原本打算今日來尋爹爹舊友, 由舊友護送出城。如今看來,“舊友”顯然靠不住, 她打算自家雇車準備行囊,滿打滿算十天之內離京……
但不知來歷的“死士”確實令人不安。應家暫住的帳篷也的確不安全。她想了想,答應下來。
“等死士全部緝捕歸案,我家想搬出去,你不會攔罷?”
晏容時深深地看她一眼:“你若想走,我自然不會攔阻。”
“我得出去尋一趟十一郎。”天色早過晌午,他跟應小滿商量。
今天他只告假了半日,原本想去一趟大相國寺,之后入兵部查案。不想出了余慶樓的事。
他起身道:“兵部不去了。加緊查辦余慶樓這處線索要緊。最近我都會在大理寺,你有事可以直接來尋我。我不在審訊人犯時,多半都在官廨值房。”
應小滿沒吭聲,清澈的眸子瞄了他一眼。眼神里明晃晃地寫著:“才不去大理寺找你。”
晏容時失笑。沒多說什么,起身出門。
應小滿獨自坐在方掌柜算賬的屋子里,把桌上物件挨個地摸一摸,很快也發現了剩余半盞羊奶的茶盞,舉起在陽光下看了看。

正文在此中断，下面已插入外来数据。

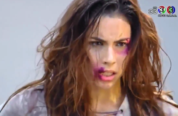 Không chỉ tạo dáng, mỹ nam Attila còn gào thét lấy cảm xúc khiến các đối thủ vô cùng hoảng hốt. Chính vị HLV mà Attila yêu thích nhất là Ploy Chermarn cũng sợ hãi đến mức phải tìm đường bỏ chạy.
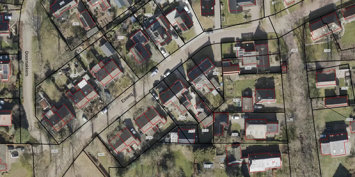 Esweg 12 is gelegen op kadastraal perceel ALO00K2354. Deze kadastrale aanduiding is uniek en wordt gebruikt door het Kadaster om eigendomsrechten en andere zakelijke rechten vast te leggen. Het perceel maakt onderdeel uit van de kadastrale gemeente Anloo.
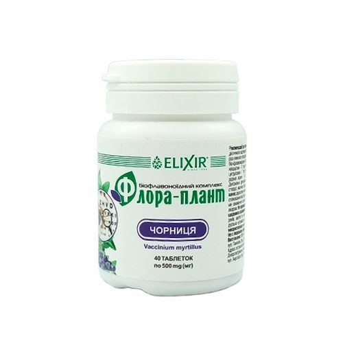 Склад : екстракт чорниці - 50 мг, біофлавоноїдний комплекс "Флора-Плант" - 20 мг (кверцетин - 2 мг, вітамін С - 4 мг, біофлаваноїди цитрусових - 7 мг, вітамін Е - 2 мг, екстракт виноградних зерен - 5 мг). Допоміжні речовини: сорбіт, мальтодекстрин, кальцию стеарат, мікрокристалічна целюлоза.
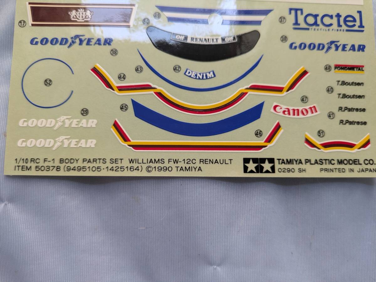 タミヤ1/10RC F1 ウイリアムズ FW-12C デカール 一部使用済み ジャンク 当時物 希少品
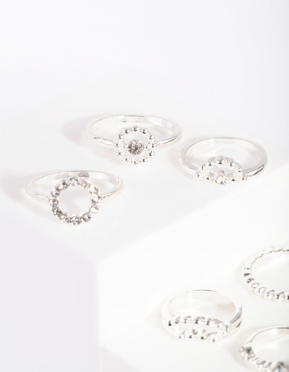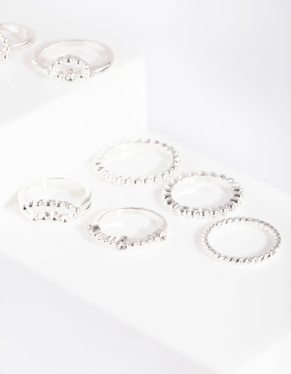 Mix and match with our ring packs! Stackable rings allow you to create your own personalised looks. This pack comes with a variety of silver-toned styles with diamante dot band designs.
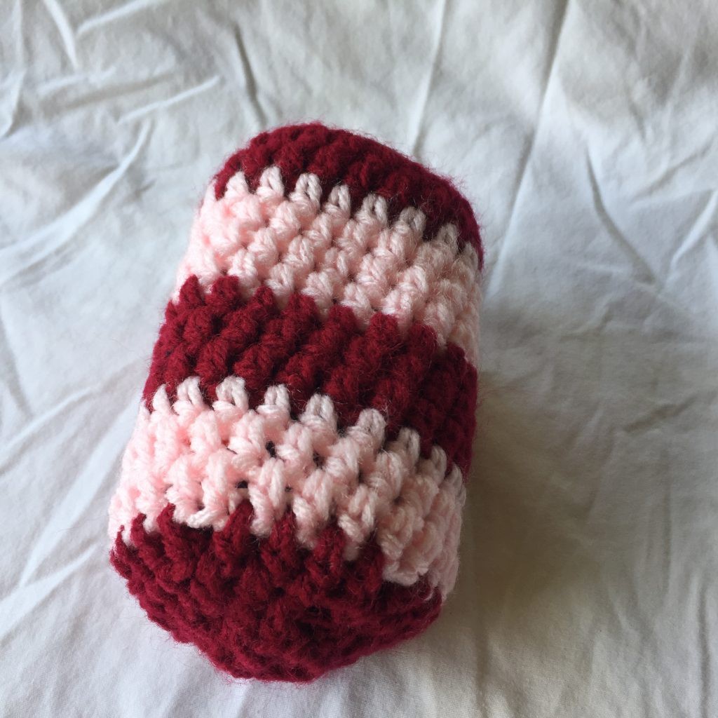 Burgundy and Light Pink Crocheted Drink Can Holder 4×5. This hand crocheted regular drink can holder was created using dark burgundy and light pink Red Heart medium weight yarn. The yarn is 100% acrylic, machine washable, machine dryable and hypoallergenic. It measures approximately 4 inches wide by 5 inches tall.
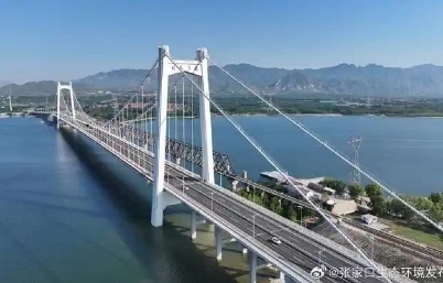 “这是怀来大桥。建于2015年10月至2021年6月 ,是北京冬奥会的工程项目,全长1988米,跨越我国第一个大型水库—官厅水库水域,堪称“华北第一跨”。(见下图)
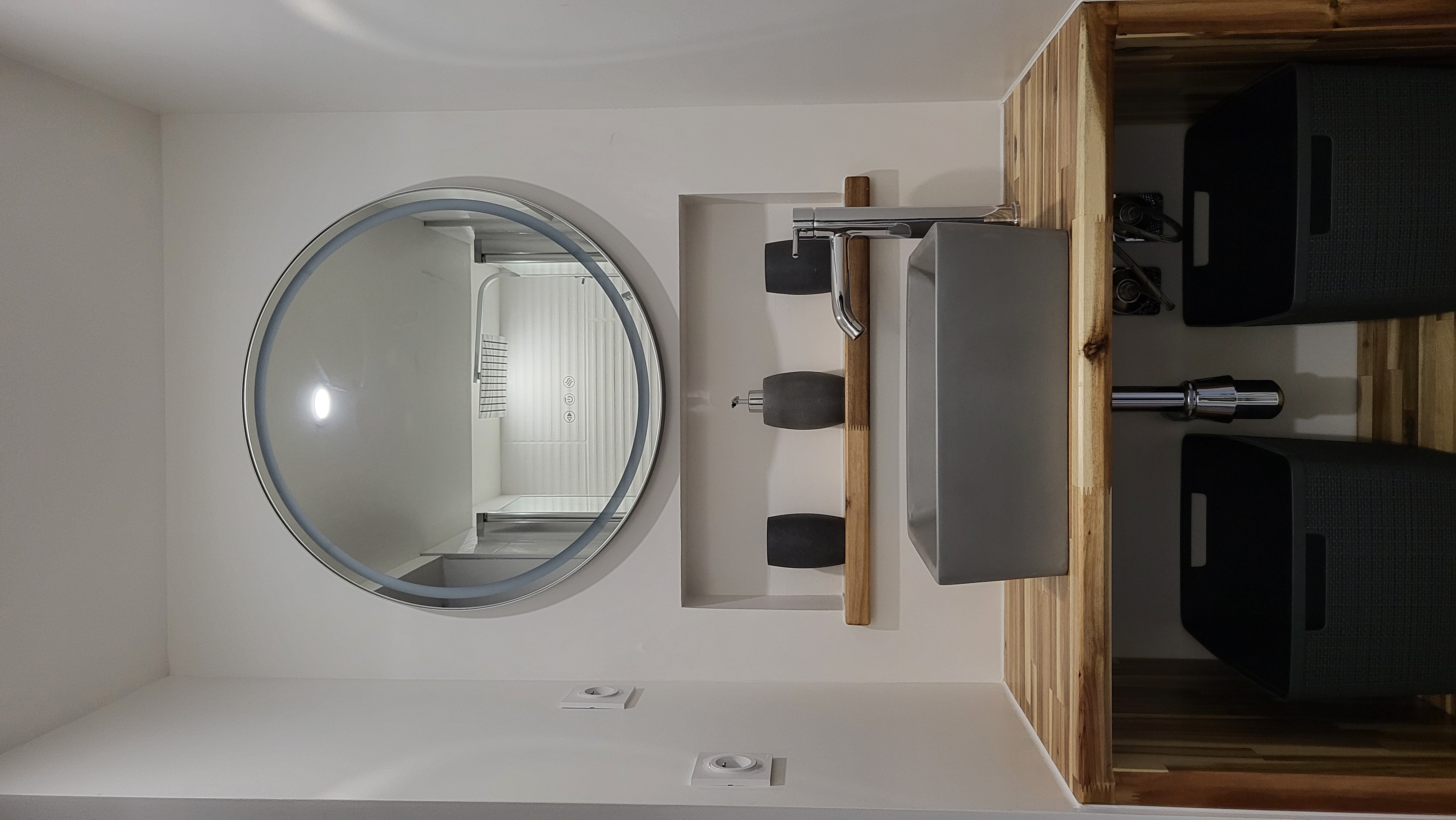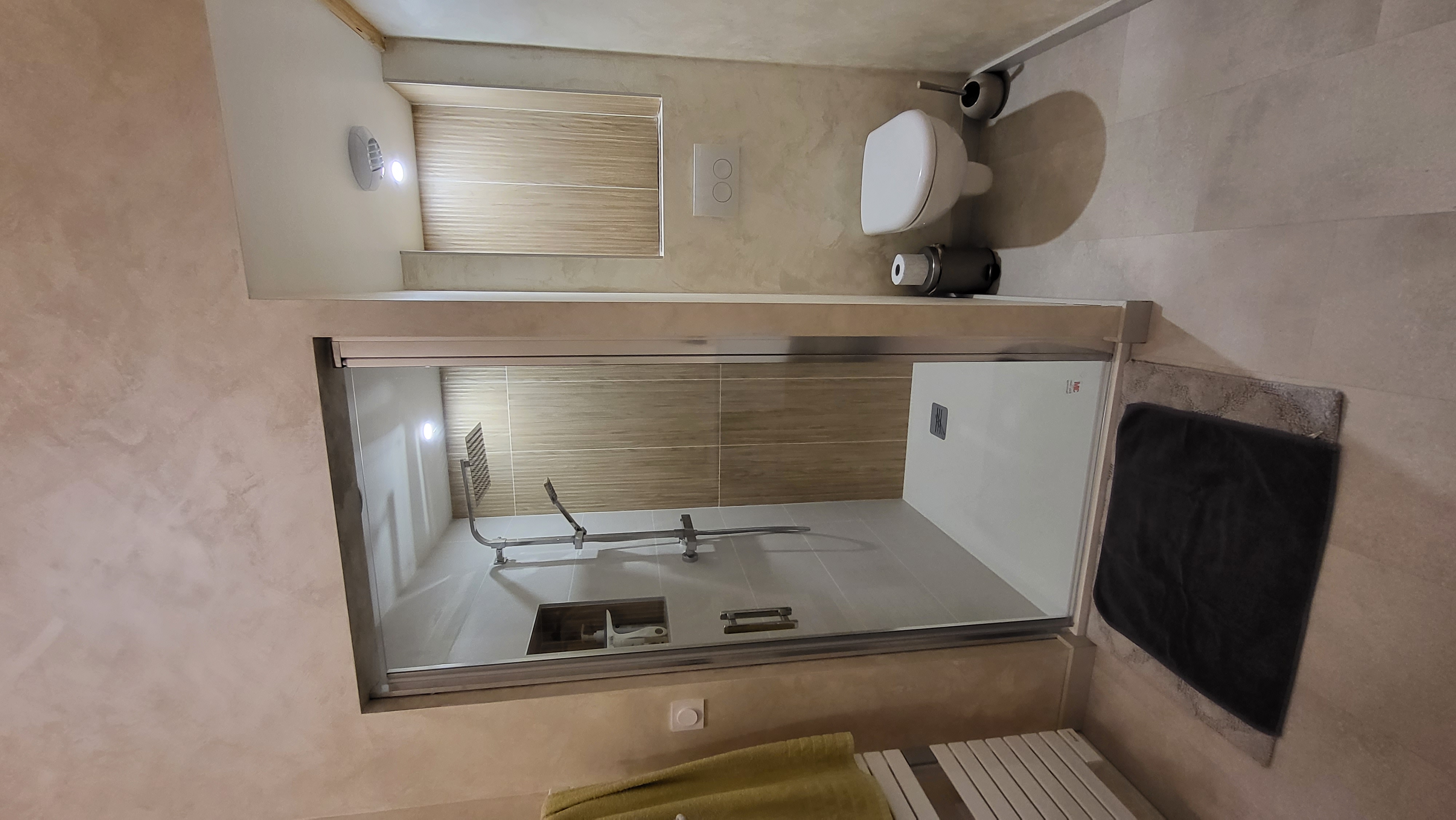 - Une chambre avec 2 lits de 90 avec lavabo et douche

外頭有禁軍進來,肅然取走了茶盞。“小娘子莫要多碰觸,此為證物。”
“哦。”應小滿趕緊放手。
被查封的安靜酒樓里,禁軍在外把守,大理寺官員陸續趕來,四處勘察物證,搬走了許多物件。
天色逐漸暗了下去。
入夜后,果然駛來兩輛馬車停在酒樓門邊。其中一輛囚車,外表和尋常馬車差不多,只有車窗封死,夜色里不仔細瞧不出差異。七八名禁衛好手如臨大敵,提著五花大綁的死士活口上車。
隋淼領著另外幾名好手,迎應小滿上第二輛馬車。
她坐上去就感覺這輛車眼熟。看車廂里的布置陳設,依稀是從前她坐過一次的晏家馬車。
那時晏容時在她面前還不是晏容時,只是晏家七郎。
她夜里飛爪翻入晏家院墻,蹲守了半夜,七郎領她去他母親生前養病的清凈小院,兩人一起看了錦鯉池子里的游魚,在涼亭里吃鮮果子,七郎又領著她去豐松院踩點……
無人看到的馬車里,應小滿的腳趾頭都蜷了起來。
七郎帶她去豐松院踩點殺晏容時……
大晚上的,為什么叫她想起這種尷尬事!
應小滿很快把這段拋去腦后,摸了摸懷里揣著的銀疙瘩。
她按照爹爹的吩咐,去尋舊友。結果酒樓里蓄養死士,爹爹舊友被抓,酒樓被查封,跟北國奸細有關聯。
眼下究竟是個什么亂糟糟的局面?
抱著爹爹失而復得的遺物,她突然又想起,按照七郎的說法,逃脫的死士曾經追蹤過自己,為了防止意外,會派人貼身護衛應家。
應家的行蹤就在許多人眼皮子底下了。
她打算雇車,準備行囊,領著老娘和阿織回老家。這些動作根本瞞不過晏家。要不要和七郎當面說一句?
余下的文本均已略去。